The aircraft handling qualities during take-off and landings were deemed excellent due to a wide-track undercarriage with relatively wide low-pressure tyres. Because of this wide, stable platform, the Hurricane was an easier aircraft to land, with less fear of nose-overs or "ground-loops" than its RAF Fighter Command counterpart the Supermarine Spitfire. During its operational life, the Hurricane was able to operate from all sorts of adverse airfield surfaces with ease.

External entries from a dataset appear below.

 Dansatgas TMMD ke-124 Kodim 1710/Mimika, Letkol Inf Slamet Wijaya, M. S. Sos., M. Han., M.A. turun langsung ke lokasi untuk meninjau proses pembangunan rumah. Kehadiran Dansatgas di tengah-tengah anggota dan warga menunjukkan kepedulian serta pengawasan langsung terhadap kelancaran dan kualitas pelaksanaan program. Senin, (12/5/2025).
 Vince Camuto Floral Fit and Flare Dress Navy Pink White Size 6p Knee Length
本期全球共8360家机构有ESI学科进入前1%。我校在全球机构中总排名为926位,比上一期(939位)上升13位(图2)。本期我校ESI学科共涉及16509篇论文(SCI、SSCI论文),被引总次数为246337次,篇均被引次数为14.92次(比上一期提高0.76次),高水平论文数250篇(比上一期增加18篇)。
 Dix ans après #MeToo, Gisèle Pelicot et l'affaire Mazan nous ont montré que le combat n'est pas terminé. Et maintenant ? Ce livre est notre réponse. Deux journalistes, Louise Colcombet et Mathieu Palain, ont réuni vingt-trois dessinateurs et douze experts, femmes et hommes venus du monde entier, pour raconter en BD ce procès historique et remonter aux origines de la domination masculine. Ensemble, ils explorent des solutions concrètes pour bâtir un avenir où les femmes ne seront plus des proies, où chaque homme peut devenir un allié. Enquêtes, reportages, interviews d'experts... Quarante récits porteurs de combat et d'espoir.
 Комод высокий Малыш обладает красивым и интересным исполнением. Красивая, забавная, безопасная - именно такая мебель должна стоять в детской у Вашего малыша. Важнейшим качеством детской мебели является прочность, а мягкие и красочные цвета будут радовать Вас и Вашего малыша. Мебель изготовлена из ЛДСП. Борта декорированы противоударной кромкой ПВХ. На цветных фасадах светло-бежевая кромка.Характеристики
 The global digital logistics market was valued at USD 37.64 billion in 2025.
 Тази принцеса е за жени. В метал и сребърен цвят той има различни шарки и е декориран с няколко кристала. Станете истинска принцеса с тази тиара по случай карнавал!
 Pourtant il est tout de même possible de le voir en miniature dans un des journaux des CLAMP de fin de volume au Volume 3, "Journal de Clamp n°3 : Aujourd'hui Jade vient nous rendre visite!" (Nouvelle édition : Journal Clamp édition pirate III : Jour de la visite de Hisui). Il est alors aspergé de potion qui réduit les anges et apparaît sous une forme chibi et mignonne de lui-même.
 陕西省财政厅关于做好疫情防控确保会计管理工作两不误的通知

Large, thick wings meant that the fighter proved to be a stable gun platform. It was armed with eight .303 in (7.7 mm) Browning machine guns arranged in groups of four in two large gun bays incorporated into the outer wing panels. In 1937 this firepower was enough to outgun the early marks of German Messerschmitt Bf 109, which were equipped with only four light machine guns. By the time of the Battle of Britain, it was recognised that this relatively small-calibre armament was inadequate; during the Battle of Britain it was relatively common for Luftwaffe aircraft to survive numerous hits from .303 in (7.7 mm) bullets and still return safely to base. Later versions of the Hurricane were equipped with 12 .303 in (7.7 mm) Brownings, and later four 20 mm (.79 in) Hispano cannons. Hurricanes built under licence by SABCA in Belgium had four 12.7 mm (.50 in) FN-Browning guns instead of the .303 inch armament.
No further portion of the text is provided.